> **EXERCISE**
From the line containing "前回以上の積雪で歩ける範囲も" through the last line of the entries, output the text exactly. Pictures stay out.

> **EXTRACTED RECORDS**

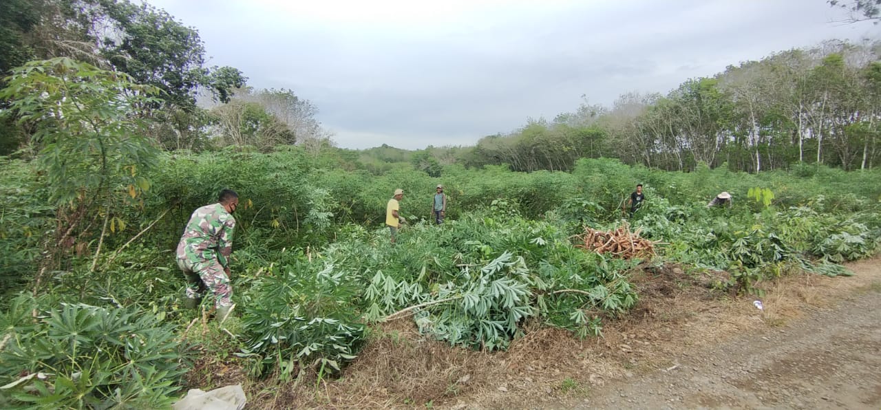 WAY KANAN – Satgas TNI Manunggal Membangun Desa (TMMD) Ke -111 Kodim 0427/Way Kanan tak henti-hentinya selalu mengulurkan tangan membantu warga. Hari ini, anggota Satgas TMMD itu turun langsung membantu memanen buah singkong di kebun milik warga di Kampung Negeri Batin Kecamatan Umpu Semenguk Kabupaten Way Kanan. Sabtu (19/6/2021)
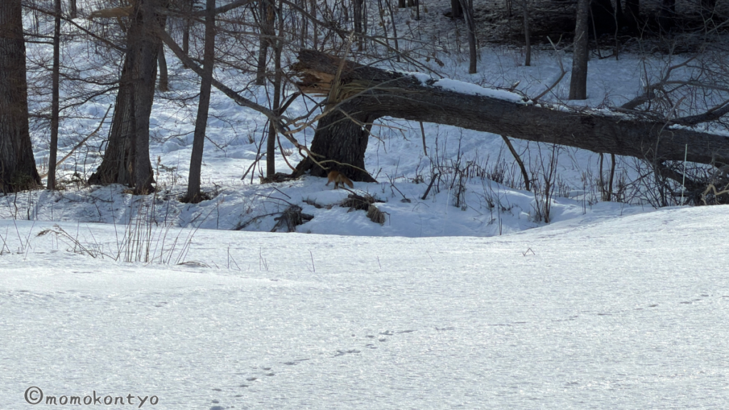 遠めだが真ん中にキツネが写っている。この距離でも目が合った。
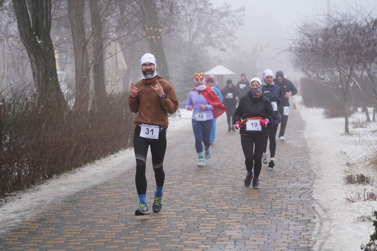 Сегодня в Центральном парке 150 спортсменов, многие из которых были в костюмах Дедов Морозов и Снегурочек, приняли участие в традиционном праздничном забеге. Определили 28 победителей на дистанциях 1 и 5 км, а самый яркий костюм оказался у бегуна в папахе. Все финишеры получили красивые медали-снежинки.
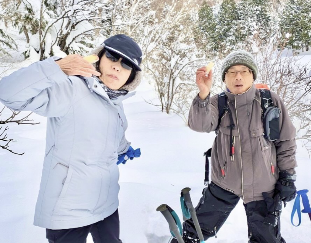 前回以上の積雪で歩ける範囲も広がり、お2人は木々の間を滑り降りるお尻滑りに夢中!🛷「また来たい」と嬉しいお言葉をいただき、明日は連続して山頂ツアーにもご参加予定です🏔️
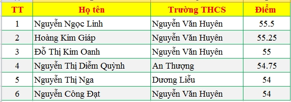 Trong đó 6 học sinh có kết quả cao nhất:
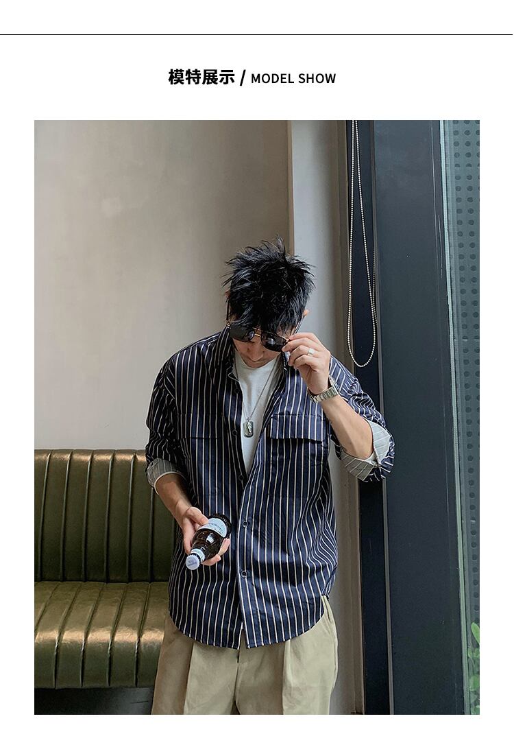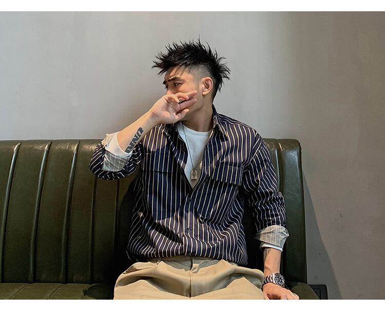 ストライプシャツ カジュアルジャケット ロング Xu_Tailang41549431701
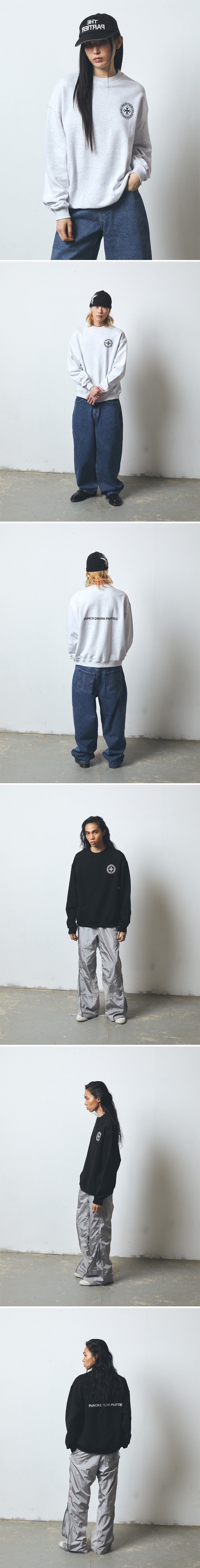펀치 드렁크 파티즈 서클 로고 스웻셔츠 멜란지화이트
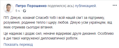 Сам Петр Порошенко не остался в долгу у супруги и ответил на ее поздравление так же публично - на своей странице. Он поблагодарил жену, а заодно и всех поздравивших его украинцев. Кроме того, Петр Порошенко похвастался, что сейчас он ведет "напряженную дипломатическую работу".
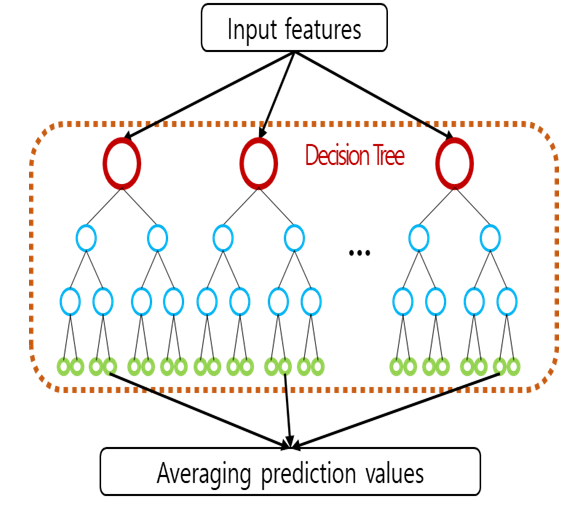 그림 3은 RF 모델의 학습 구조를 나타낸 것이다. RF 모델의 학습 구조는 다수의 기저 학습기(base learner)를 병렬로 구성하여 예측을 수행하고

> **THE ANSWER**
 前回以上の積雪で歩ける範囲も広がり、お2人は木々の間を滑り降りるお尻滑りに夢中!🛷「また来たい」と嬉しいお言葉をいただき、明日は連続して山頂ツアーにもご参加予定です🏔️
 Trong đó 6 học sinh có kết quả cao nhất:
 ストライプシャツ カジュアルジャケット ロング Xu_Tailang41549431701
펀치 드렁크 파티즈 서클 로고 스웻셔츠 멜란지화이트
 Сам Петр Порошенко не остался в долгу у супруги и ответил на ее поздравление так же публично - на своей странице. Он поблагодарил жену, а заодно и всех поздравивших его украинцев. Кроме того, Петр Порошенко похвастался, что сейчас он ведет "напряженную дипломатическую работу".
 그림 3은 RF 모델의 학습 구조를 나타낸 것이다. RF 모델의 학습 구조는 다수의 기저 학습기(base learner)를 병렬로 구성하여 예측을 수행하고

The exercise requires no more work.